■ **Task to complete**: Nothing but the lines from the start of the data through the line with "Dieses Tor aus" should appear in the answer, each retyped exactly, and pictures should not.

■ **Collected material**:
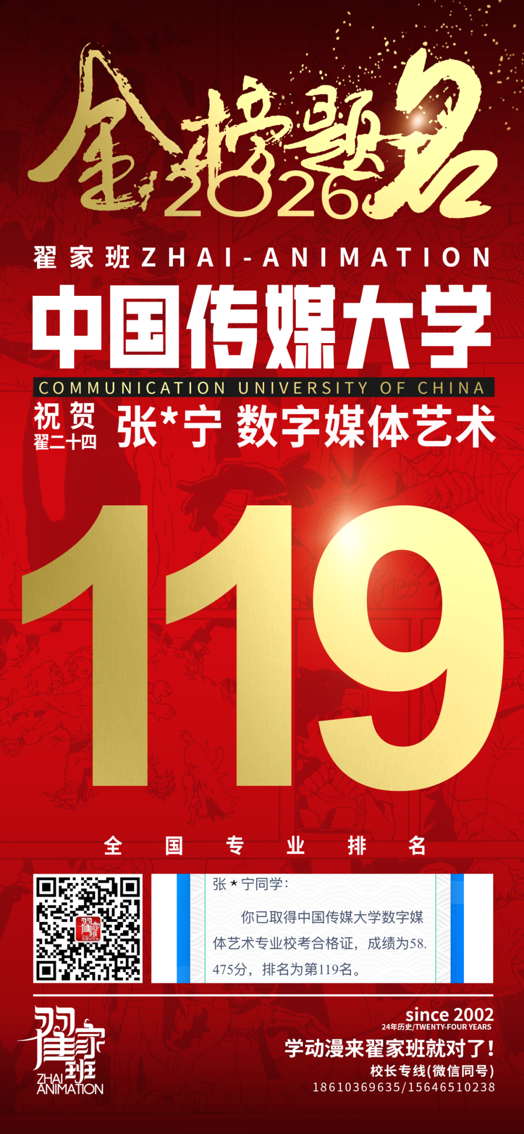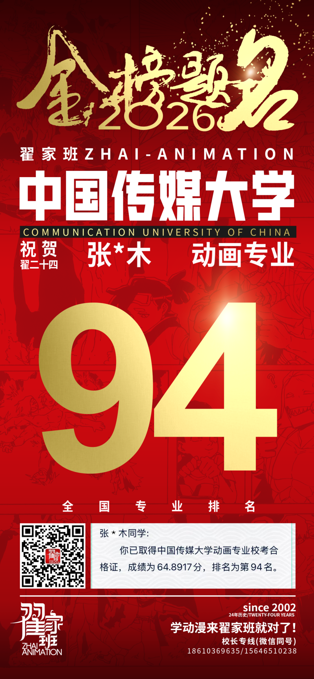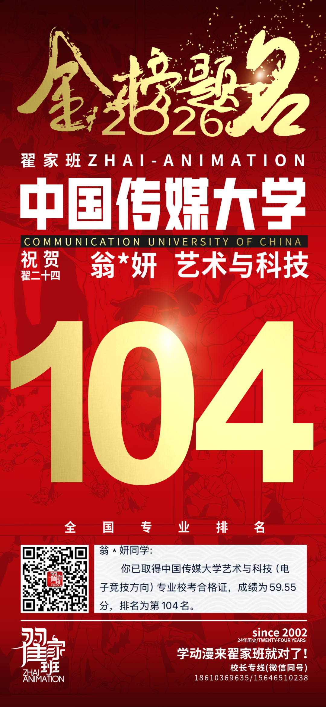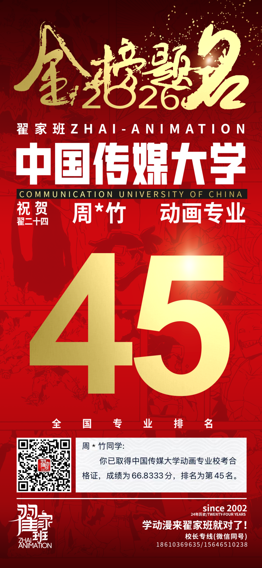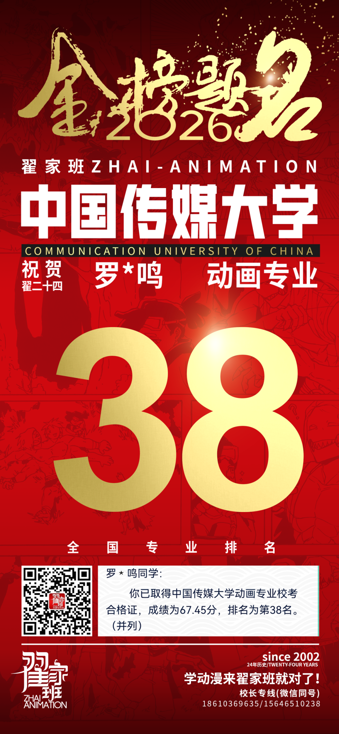 - 翟家班2026中国传媒大学动画专业校考成绩领跑全国
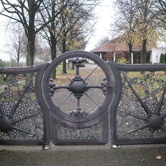 Dieses Tor aus Schmiedeeisen dient als Eingang zum erweiterten Friedhofsteil. Es wurde von Bildhauer Lutz Ackermann in den 1990er Jahren geschaffen und besteht aus drei Elementen, in der Mitte ein Kreis mit Kreuz und an den Seiten jeweils ein Stern mit kleinen Kreisen.
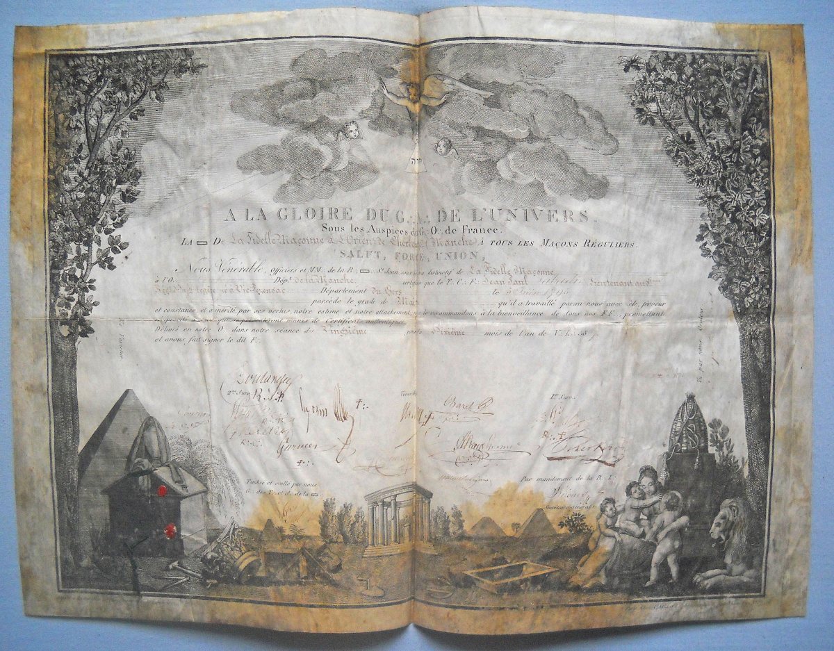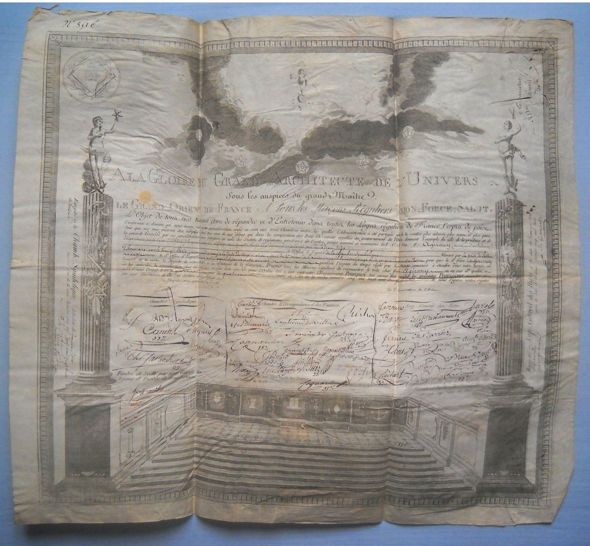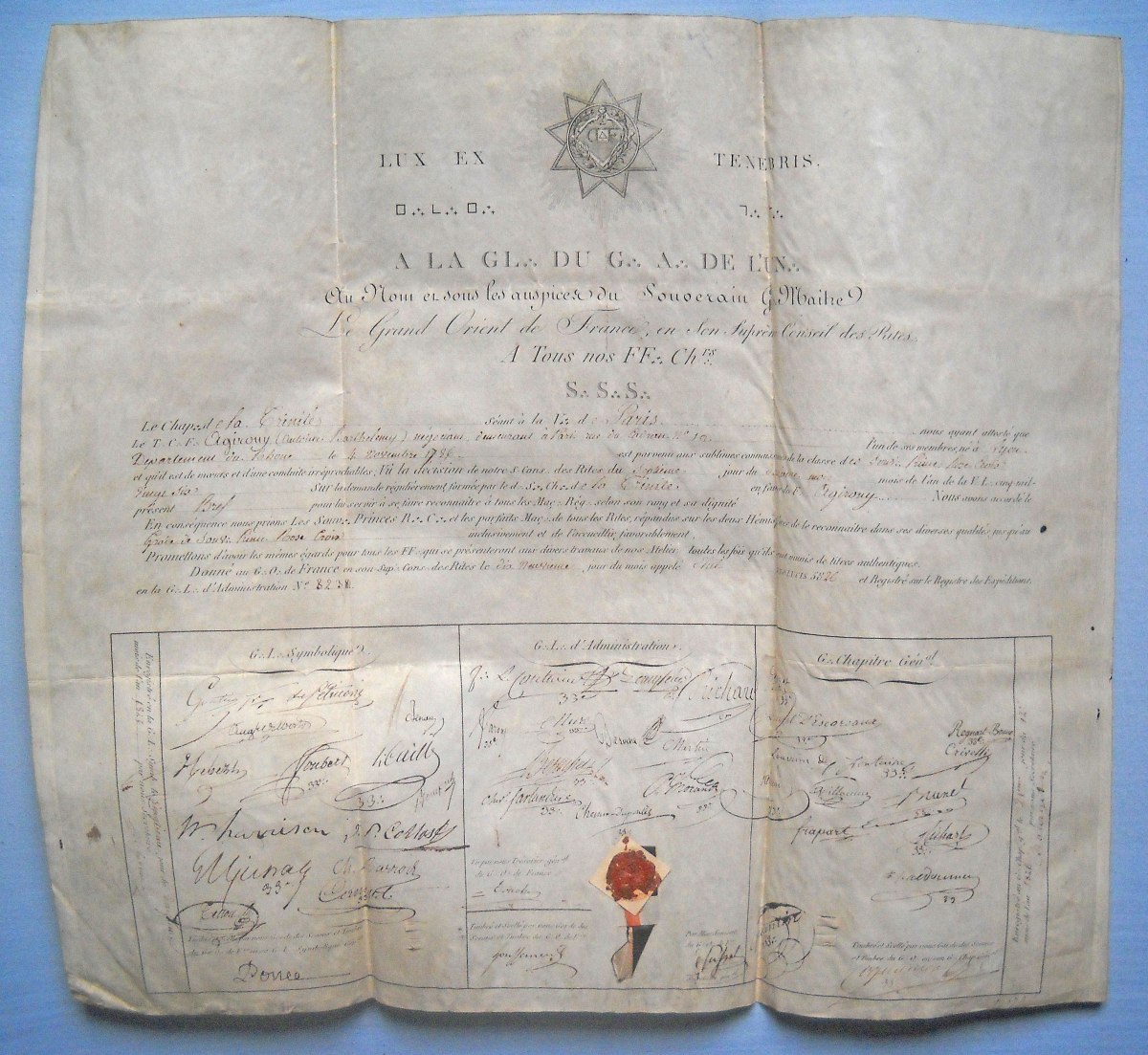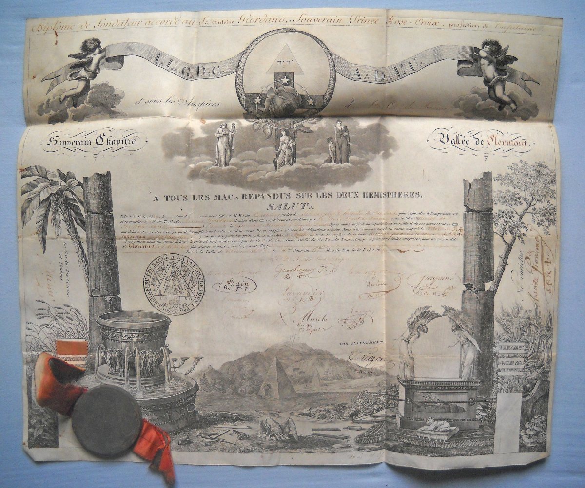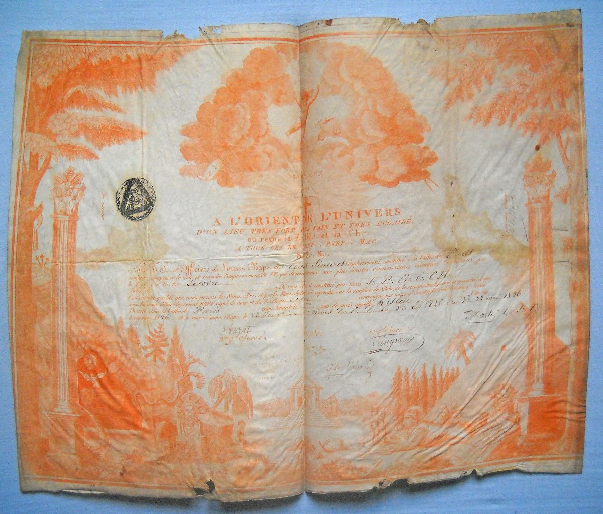 6 diplômes sur parchemin décernés par la: loge des " Cœurs Sincères " à Paris en 1826 ; loge de " La Trinité " à Paris en 1826 au grade de souverain Rose-Croix ; loge de " La Fidèle maçonne " à Cherbourg en 1827 ; l'ordre du Grand Orient de France à l'office d'expert de la chambre symbolique à Paris en 1828 ; loge du " Feu Sacré " à Clermont-Ferrand en 1829, avec partie de boite en métal et cachet de cire rouge ; loge de " l'Union Parfaite de la Persévérance " à Paris en 1829, avec partie de boîte de métal et cachet de cire rouge (manque).

■ **Solution**:
 - 翟家班2026中国传媒大学动画专业校考成绩领跑全国
 Dieses Tor aus Schmiedeeisen dient als Eingang zum erweiterten Friedhofsteil. Es wurde von Bildhauer Lutz Ackermann in den 1990er Jahren geschaffen und besteht aus drei Elementen, in der Mitte ein Kreis mit Kreuz und an den Seiten jeweils ein Stern mit kleinen Kreisen.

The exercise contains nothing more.